On a recent afternoon, the sidewalks were empty and the storefronts abandoned, their interiors smashed up and littered with trash, doors ajar. The roof of one building had collapsed, a battered American flag stuck in the debris; inside other buildings were ransacked shelves, plastic containers full of Christmas decorations, an upside-down tricycle. Speakers on a Methodist church played recorded hymns for no one.

Some stores were strewn with cleaning supplies and half-full garbage bags, as if shopkeepers had first tried to fix the flood damage before giving up.
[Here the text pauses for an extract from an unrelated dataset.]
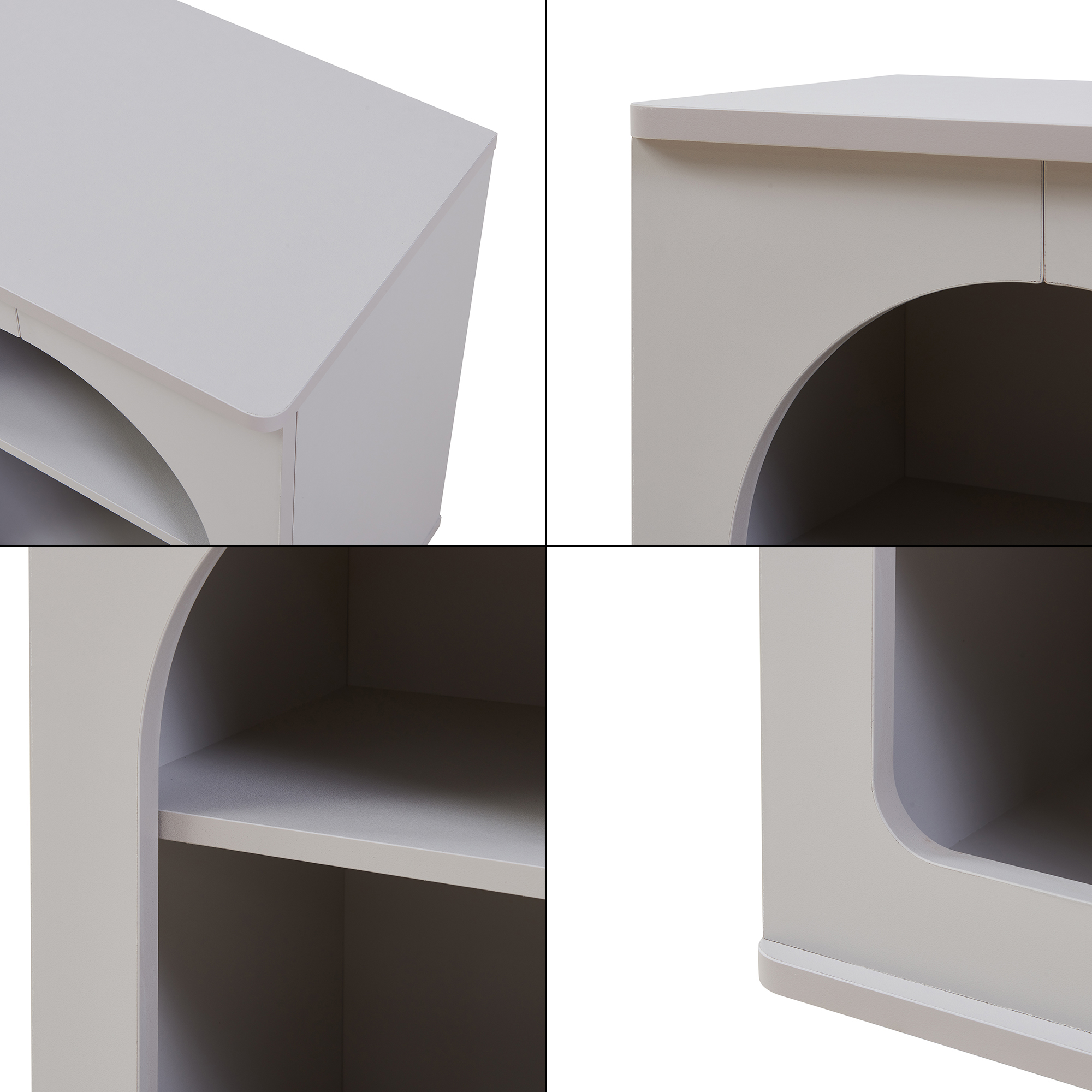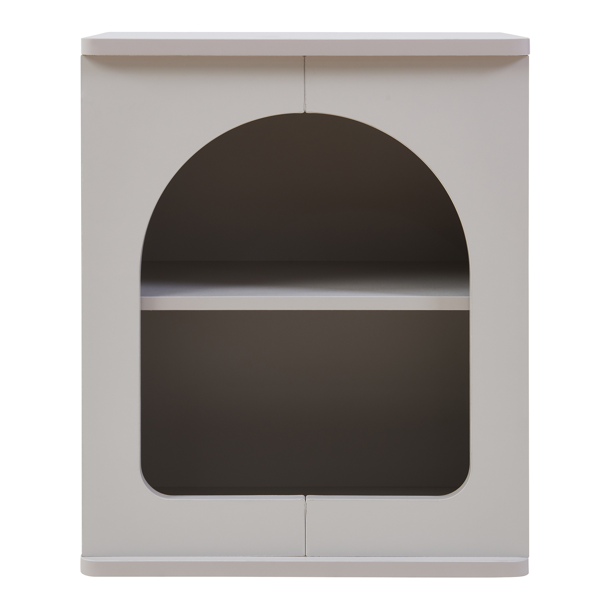 Noptiera Trorhun este alegerea ideală pentru un dormitor bine organizat și elegant. Cu un design modern, linii curate și front decorativ cu formă arcuită, această noptieră gri adaugă un plus de stil și funcționalitate lângă pat.

“If you look at what the folks here called downtown, really the only business that came back was the U.S. Post Office,” said Leonard, who splits his time between Fair Bluff and four other towns, none of which can afford a full-time employee on their own.
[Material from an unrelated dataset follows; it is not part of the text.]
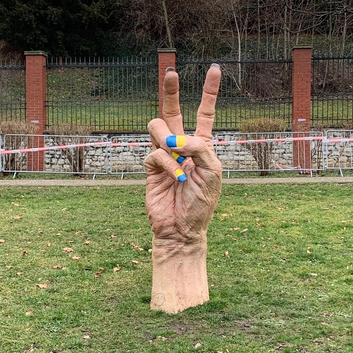 Инсталляция руки с маникюром в цветах украинского флага рядом с посольством. Фото: Юлия Ахмедова

It is no coincidence that small towns in eastern North Carolina are among the first in the country to face an existential threat from climate change. Many were already struggling from the decline of the tobacco and textile industries, and the area’s flat terrain makes it especially vulnerable to flooding from powerful hurricanes that are coming more often.

Between 1954 and 2016, North Carolina was hit by 19 hurricanes severe enough to produce a federal disaster declaration, about one every three years. By contrast, four hurricanes have cleared that bar since 2018.
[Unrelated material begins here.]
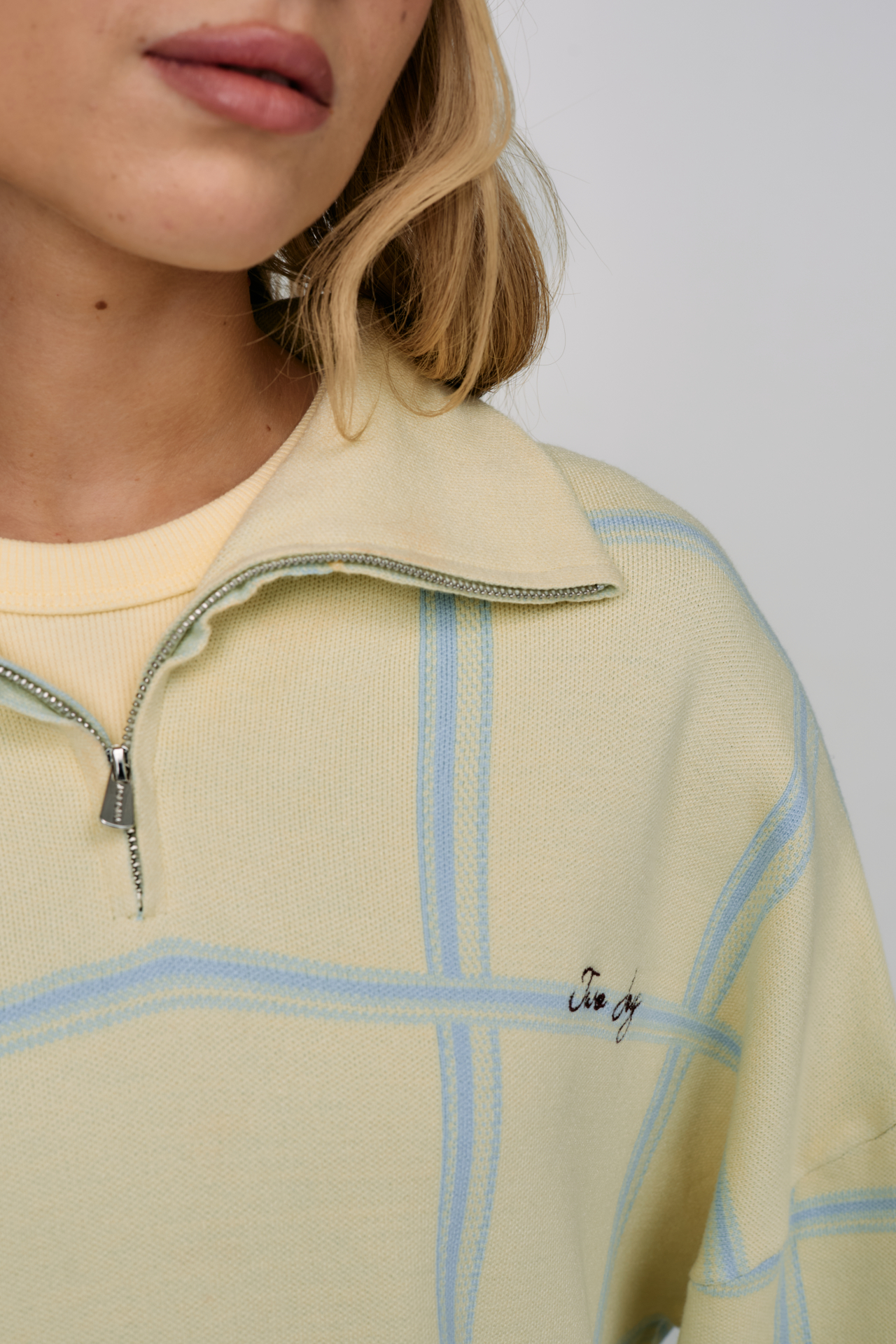 Свободный силуэт, мягкая линия плеча и воротник на молнии добавляют образу непринуждённости и современного преппи-настроения.

Leonard described Fair Bluff’s hopeful plan: Buy the ruined stores downtown, tear them down, clean up the land and turn it into a park that can flood safely. Build a new downtown a few blocks east on land is less likely to flood. Rebuild, revive and regain what has been lost.

But the town cannot afford any of it.

“We were a small town before the hurricanes; we’re much smaller after the hurricanes,” Leonard said. The median household income is $20,000 a year; many residents are retired, and just one-third have jobs. “Fair Bluff’s recovery will go as far as someone else’s money will take us.”

‘Ain’t Gonna Be That Many People on This Street’

That strategy has half-worked. The town won grants to rebuild in bits and pieces, repairing some roads and the drinking water system. Last spring, the Economic Development Administration, part of the U.S. Department of Commerce, announced $4.8 million to build a small business center. A company that makes pipes has said it would open a factory in Fair Bluff.

But clearing the old downtown could cost $10 million — money Fair Bluff does not have, Leonard said. And while the EDA is funding a new commercial building, other federal agencies are paying for residents to leave — residents who might have been customers for those new shops.

After Hurricane Matthew, the Federal Emergency Management Agency is paying to buy 34 houses in the town to demolish them — a process that can take years. Only 14 have been purchased so far; the rest should be sold sometime in the next year. FEMA’s rules require that no new homes be constructed on that property, taking it off the real estate tax rolls.

Buyouts protect people by getting them out of homes likely to flood, said David Maurstad, head of insurance and mitigation at FEMA. But he acknowledged it makes it harder for towns to stay economically viable. “That’s a real challenge for communities,” he said.

State officials offered to buy another 35 houses in Fair Bluff, this time with money from the U.S. Department of Housing and Urban Development. To persuade the town, the officials brought a map with a shaded area, showing the homes they said could not reasonably be protected against future floods.

Those homeowners, the state argued, should have the chance to leave.

The shaded area covered nine blocks in the middle of town. It would have carved a hole in Fair Bluff, which is only 3 square miles, setting aside land that could never be rebuilt upon. The town refused.

More buyouts would make it even harder for the town to survive financially, Leonard said. “Those folks have decided to stay in Fair Bluff,” he said. “Who are we to say, ‘We want you to leave?’”

But in interviews, some residents said that if another storm struck, they would not come back.